#### Task details
Output the first line below and each one after it, exactly, up to and including the line holding "- Жилая — 41,5 м2". Pictures should not be copied.

*** Opening Source material ***

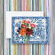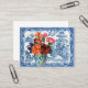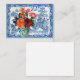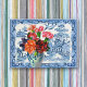 Colourful flowers in a vase are posed in front of a traditional blue willow design. The blue patterns of the vase echo the colours and style of the Asian inspired backdrop. The bright flowers have a contemporary look even though they were printed on an antique, Victorian trade card. This beautiful image can decorate invitations, announcements and the interior of your home.
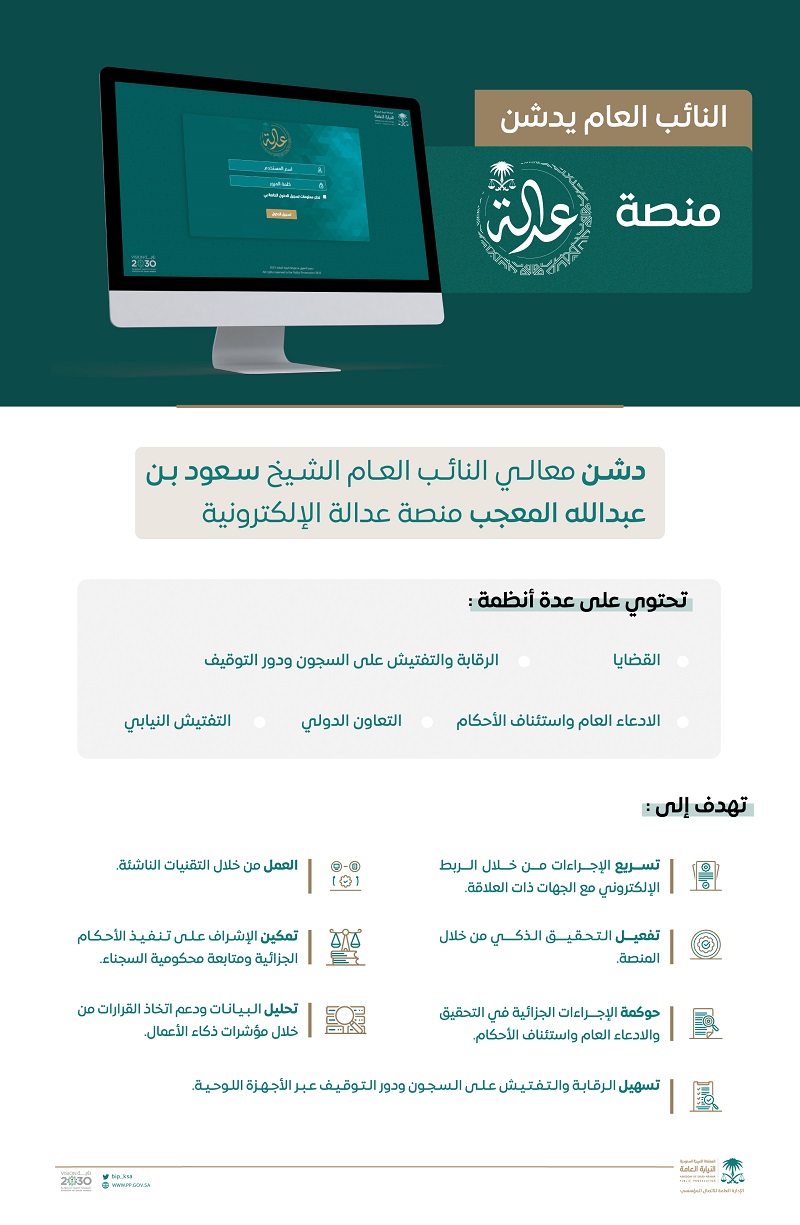 الجدير بالذكر أن الحوكمة النيابية الإلكترونية بدأت منذ عام ۲۰۱۷م، ويأتي هذا التحول الإلكتروني الحالي عبر منصة عدالة إيماناً من النيابة العامة بأهمية تطوير أنظمتها الإلكترونية لمواكبة رؤية المملكة ۲۰۳۰م.
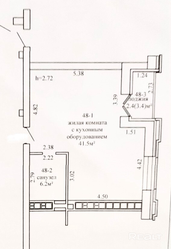 - Жилая — 41,5 м2
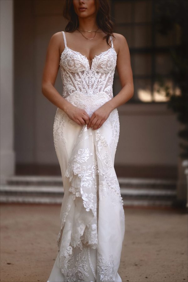 Lovely, ladylike and luxurious. Style 1406 from Martina Liana is a sexy take on a modern bridal silhouette. A plunging V-neckline, beaded spaghetti straps and a sheer bodice with exposed boning and lace details elongate the figure and offer an impeccable fit. The off-the-shoulder puff sleeves with beaded cuffs add a touch of fashion-forward appeal. The sequins on the back of the dress add a soft sparkle, while the delicate buttons, crepe skirt and scalloped lace train add a hint of vintage romance to this glamorous couture wedding gown

*** Closing Source material ***

#### Task output
 Colourful flowers in a vase are posed in front of a traditional blue willow design. The blue patterns of the vase echo the colours and style of the Asian inspired backdrop. The bright flowers have a contemporary look even though they were printed on an antique, Victorian trade card. This beautiful image can decorate invitations, announcements and the interior of your home.
 الجدير بالذكر أن الحوكمة النيابية الإلكترونية بدأت منذ عام ۲۰۱۷م، ويأتي هذا التحول الإلكتروني الحالي عبر منصة عدالة إيماناً من النيابة العامة بأهمية تطوير أنظمتها الإلكترونية لمواكبة رؤية المملكة ۲۰۳۰م.
 - Жилая — 41,5 м2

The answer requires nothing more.